Телефон/факс:

8 (495) 959-92-76

Толерантность Бога, или Два мертвых мальчика. Кинотеологии «мамы!» Аронофски и «Квадрата» Эстлунда

Буддистскому безграничному сочувствию следует противопоставить нетерпимую, насильственную христианскую любовь.

Славой Жижек. «Кукла и карлик»

Сегодня либеральная толерантность к другим, уважение другого и открытость к нему дополняются навязчивым страхом перед домогательством. Короче говоря, с Другим все прекрасно, но лишь до тех пор, пока его присутствие не донимает, пока этот Другой не является настоящим Другим…

Славой Жижек. «О насилии»

От изощренных философий до ток-шоу: тема Другого и не просто, а терпимости к нему.

Разумеется, частотность употребления слова «толерантность» превысила все мыслимые пределы и, казалось бы, надо прекратить чесать языки, но сама эта частотность о чем-то сигнализирует: с Другим что-то не так, и раз чешется… Тем паче что не часто кинематограф нам дарит два фильма, отвергающие толерантность: один — издевающийся над либеральным сознанием и другой — не религиозный или антирелигиозный, или индифферентный к религии, а богоборческий («отныне имя тебе будет не Иаков, а Израиль, ибо ты боролся с Богом») и оба — о нетерпимости к Другому. Социально-критическая и теолого-критическая перспективы проблемы Другого: «Квадрат» Эстлунда и «мама!» Аронофски. Посмотрим, что говорят эти две манифестации современного духа.

«Квадрат»

«Квадрат» — чудная (и «скучная», как уверяли меня друзья, имея в виду, как мне показалось, разговорный характер фильма) шведская комедия, обстебывающая современное политкорректное сознание на наилучшем для этого примере — «современном искусстве». Последнее, как уже не раз замечали, само по себе парадоксально: презентуя себя как протестное и антибуржуазное, потребляется оно как раз буржуазией, против которой оно вроде протестует. Такова печально-ироническая судьба всего современного «протеста». Суть современного искусства прекрасно определил Уэльбек: убогость его не случайна, напротив — она наилучшим образом отображает убогость современности.

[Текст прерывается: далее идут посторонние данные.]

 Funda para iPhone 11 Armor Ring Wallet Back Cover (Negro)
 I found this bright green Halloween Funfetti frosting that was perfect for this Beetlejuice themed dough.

Главный герой — молодой, красивый, лощеный, в очках, костюме и шарфике куратор музея современного искусства. Он «поднимает важные проблемы», «продвигает» идеологию добра, гуманизма, принятия и прочие либеральные благоглупости. Но это в речах, в идеологии (в строгом марксистском смысле). На деле же он пасует, встречаясь с разными «видами» Других, к которым он должен применить добро и гуманизм — в этом нехитрый, но удачный прием Эстлунда. Встреча с бедными, бездомными, детьми, женщинами кончаются маленькими катастрофами, а в финале — трагедией, смертью мальчика. Все идеалы рушатся перед такими вызовами как кража смартфона и боязнь скандала перед соседями, но тут придется пересказывать весь сюжет, посему остановлюсь.

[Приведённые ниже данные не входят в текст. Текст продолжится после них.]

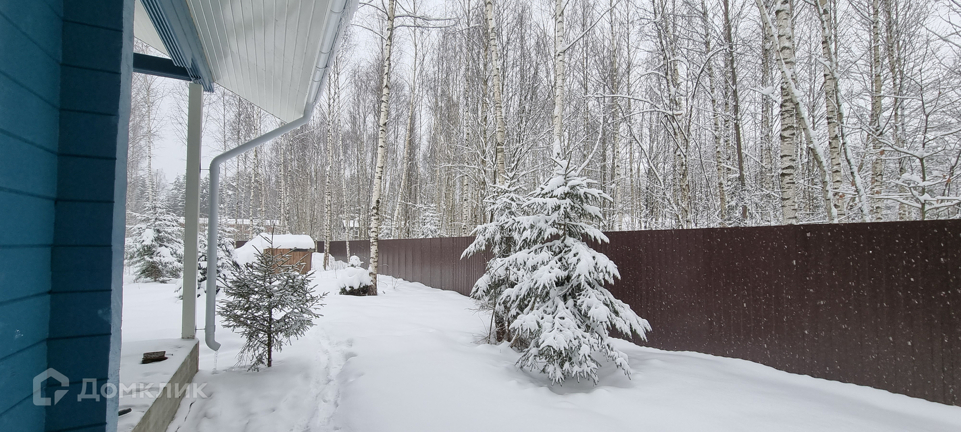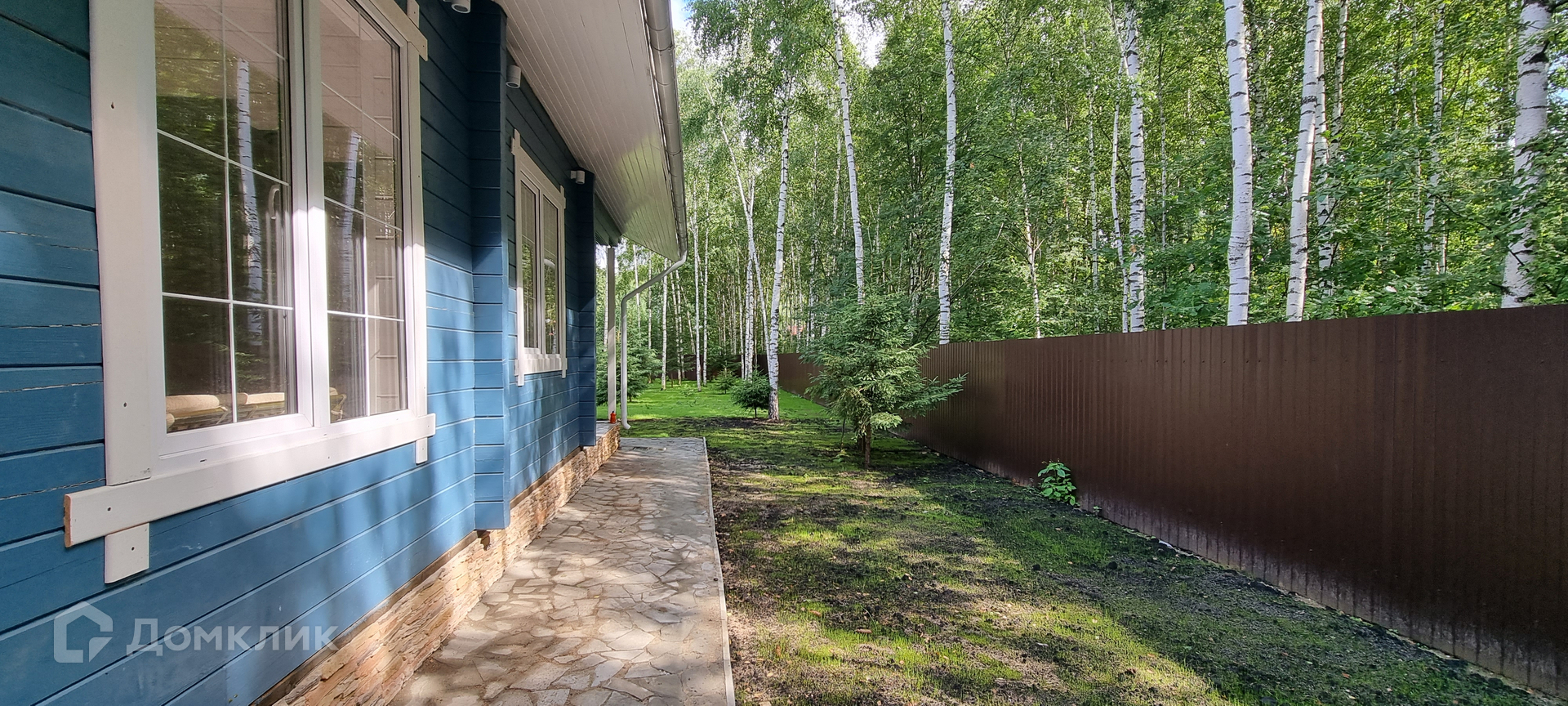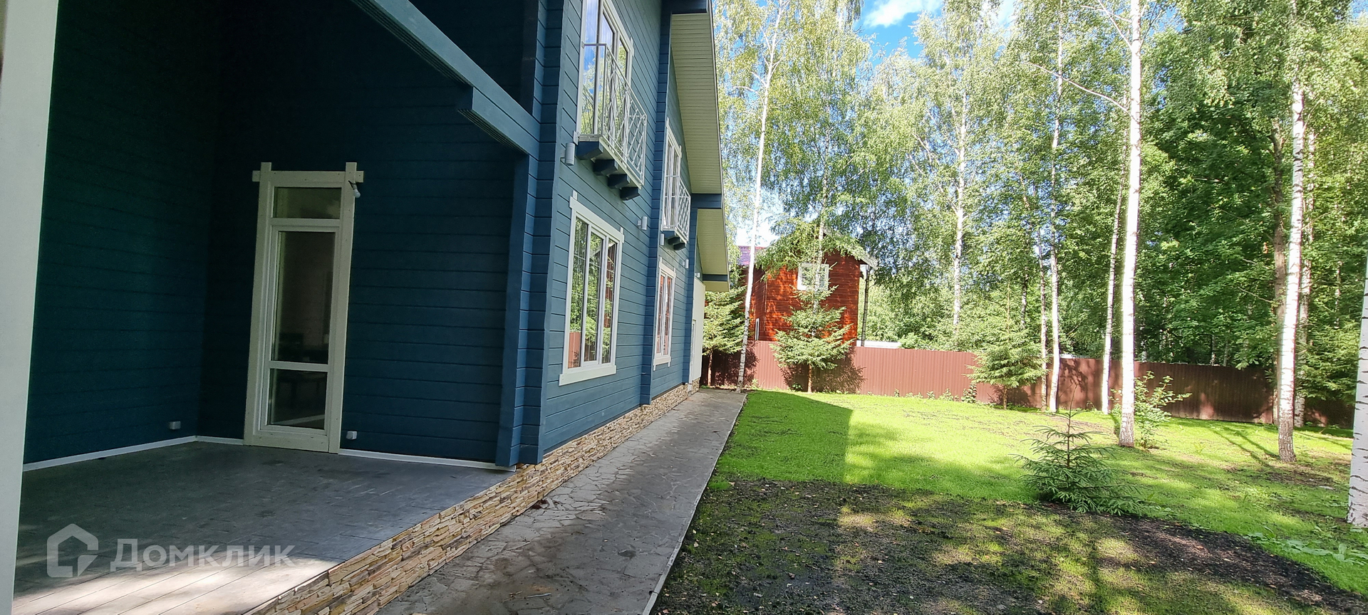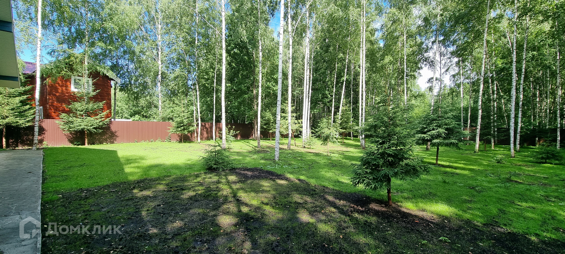 На участке 20 соток, с молодыми березами и елями.

Современное искусство: акция современного художника на званом ужине друзей музея кончается чуть ли не бойней. «Поиграть» с Другим (художник изображает дикого зверя, но «заигрывается») — да, сколько угодно. Но, как только Другой приносит дискомфорт, (страшнейший грех современности) — к чертям Другого. Сам «Квадрат», давший название фильму, призванный объединять людей, вызывает общественный конфликт и приводит к увольнению героя.

Кадр из фильма «Квадрат»

Всю эту диалектику превратности терпимости исследовал Жижек, чьи две цитаты на этот счет я поставил в эпиграф. Толерантность под видом принятия Другого скрывает стах перед ним, а ведь «совершенная любовь страха не знает». Противоположность любви — страх, а не ненависть (последняя — не противоположность, но негатив любви).

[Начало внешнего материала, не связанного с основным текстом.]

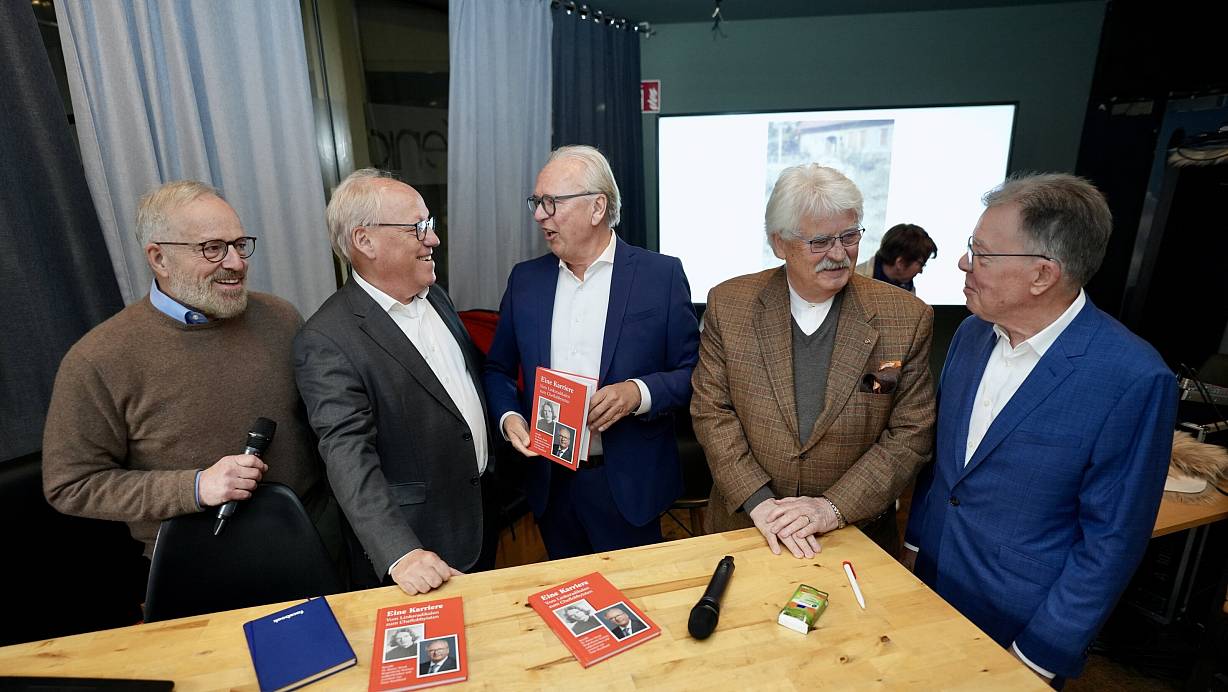 Buchpremiere im "CaféNio": Rainer Wend (Mitte) zusammen mit Moderator Peter Stuckhard, OB Pit Clausen, Bielefelds "Mister Europa" Elmar Brok und Einlader Dirk Ukena (von links). | © Peter Unger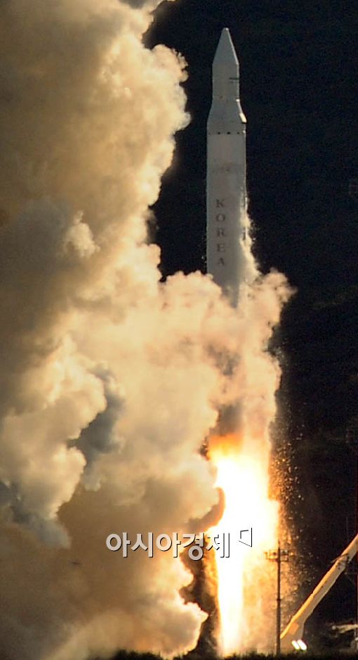 우리나라 첫 우주발사체 '나로호(KSLV-1)'가 25일 오후 5시 전남 고흥군 외나로도 나로우주센터에서 힘차게 날아오르고 있다.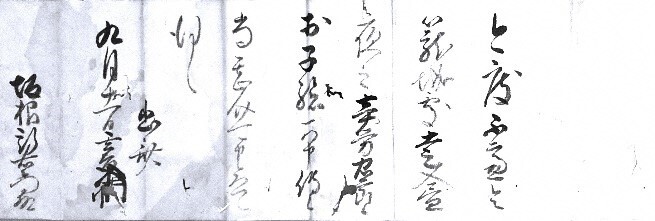 この「幽斎感状」は、田辺籠城戦で開城前日の9月11日に籠城に駆け付けた今田村の坂根新右衛門に対して労をねぎらう言葉がかけられています。

Толерантность — попытка «любить» без риска, без последствий. Жить с Другим, принимать Другого не обращая внимания, скажем, на такую мелочь, что он может тебя убить. Дэвид Харт критиковал Левинаса, главного философа Другого, за то, что его Другой «террористичен». Мне кажется это не критика, а просто правда. Другой невыносим, неприятен, опасен. К слову сказать, во всех этих разговорах о Другом, забывается «я сам», который тоже весьма невыносим, неприятен и, наверное, может быть опасен — как в итоге оказывается герой «Квадрата». И есть здесь искушение спросить: главный вопрос не в том ли, как вытерпеть себя? Но это был бы совсем другой текст, а значит идем дальше.

Толерантность — любовь к ближнему без близости: лицемерие.

Герой «Квадрата» как мужчина не понимает женщин, как взрослый — детей, как человек обеспеченный — бедных. Для подлинного понимания потребна любовь: а ее и нет. Но любовь деятельна, то есть — травматична, ибо всякое действие чревато травмой. А толерантность травматичности не предполагает. Любовь же — имя Бога и Его любовь бесконечна, а, следовательно, бесконечно травматична, чему посвящена «мама!».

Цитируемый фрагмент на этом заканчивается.